I got all the papers to register my mini donkey. I was looking through the descriptions and saw "button". What and where is a button on a donkey? Thanks, Susan.


----------



## hamdamster (Mar 26, 2004)

Gee, I must have stumped everyone on this one.


----------



## shminifancier (Mar 26, 2004)

I am trying to find out but I don't think I have heard what a "button" on a donkney is...Gee I registeried mine and even did the permante papers I can't remember seeing a "button" lol


----------



## hamdamster (Mar 26, 2004)

It is under the Tattoos, Brands, Markings on the application for registration. It says note star or collar buttons. Another question-What are Race Mules? Thanks, Susan.


----------



## spottedrj (Mar 26, 2004)

race mules are mules you can race like any other horse race.... oh sorry i'm new here. hello everyone!!!! we have mule races here in ohio at our county fair,lots of fun.


----------



## hamdamster (Mar 27, 2004)

Are race mules out of thoroughbreds? Never heard of race mules. Is it big in some places?


----------



## StarWish (Mar 27, 2004)

On the racing mules issue...yes, they are out of thoroughbred mares, at least the ones here(NM) are. A member of our Rio Grande Mule and Donkey Club has the current "fastest mule" in the country. He brought some of the race videos to a meeting for us to see. We thought it was sort of funny that some mules take a scenic tour down the track so it helps if the mule runs straight! He races them in CA. I hear they used to race here at our State Fair years ago but didn't get enough competitors.

StarWish/Colleen


----------



## SherryM (Mar 29, 2004)

"buttons" aka "collar buttons"are nickel sized markings found on either both or one side of a donkeys neck. other markings that donkeys can have are "garters" and

"zippers" on their legs zippers are vertical markings and garters are horizontal markings this is a few that I have found on my mini donkeys and I am sure there are some I have omitted


----------



## MeadowRidge Farm (Mar 29, 2004)

Thanks Sherry, for jumping in and clarifying WHAT buttons are.

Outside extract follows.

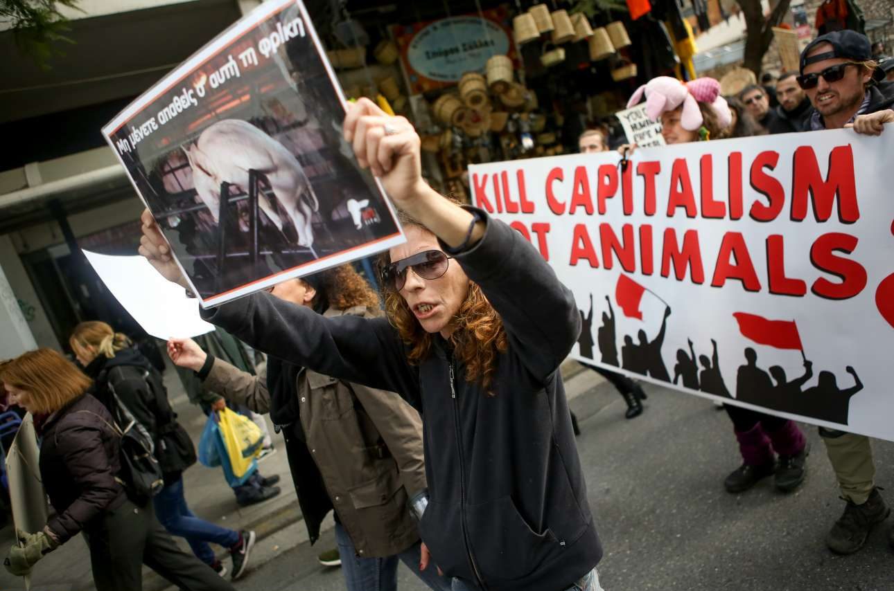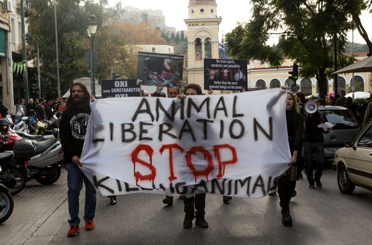 Συγκέντρωση διαμαρτυρίας στο Μοναστηράκι και έπειτα πορεία προς τη Βαρβάκειο Αγορά πραγματοποίησαν το Σάββατο μέλη vegan ακτιβιστικών ομάδων.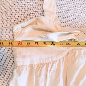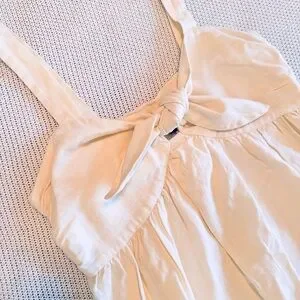 Elegant off white linen midi dress with bow detail. Sleeveless design. Fully lined, pockets, side zipper. Perfect for summer occasions. Great for Spring & Easter too!!

Are you new on the board? If you are WELCOME, from Wisconsin.



Can you tell us a little about yourself? We're a friendly cyber family on this board, and learn from each other....good and bad!






Corinne


----------



## hamdamster (Mar 30, 2004)

Yeh, I'm new here. I have had a great time learning with this site and forum. I got a mini donkey for Christmas. I got the papers to register him and didn't even know he already had papers!! The breeder gave them to my boyfriend and he forgot to tell me



. I never knew there was such a thing as mini donkeys until I openned my present! Now I'm selling some of my big horses to make room for more mini horses. I kinda rescued/bought 4 minis. One pair was extremely overweight and had boats for hooves



. I couldn't turn them down. Then I found another pair almost in the same condition. My donkey was so used to my big horses, he forgot he was small. When I brought the first pair home, he ran through the fence as they were coming out of the trailer. He was so scared of them



. It took him almost a month to get within five feet of them. He finally made friends.





Thanks for making me feel welcome! I'll share as much as I can.


----------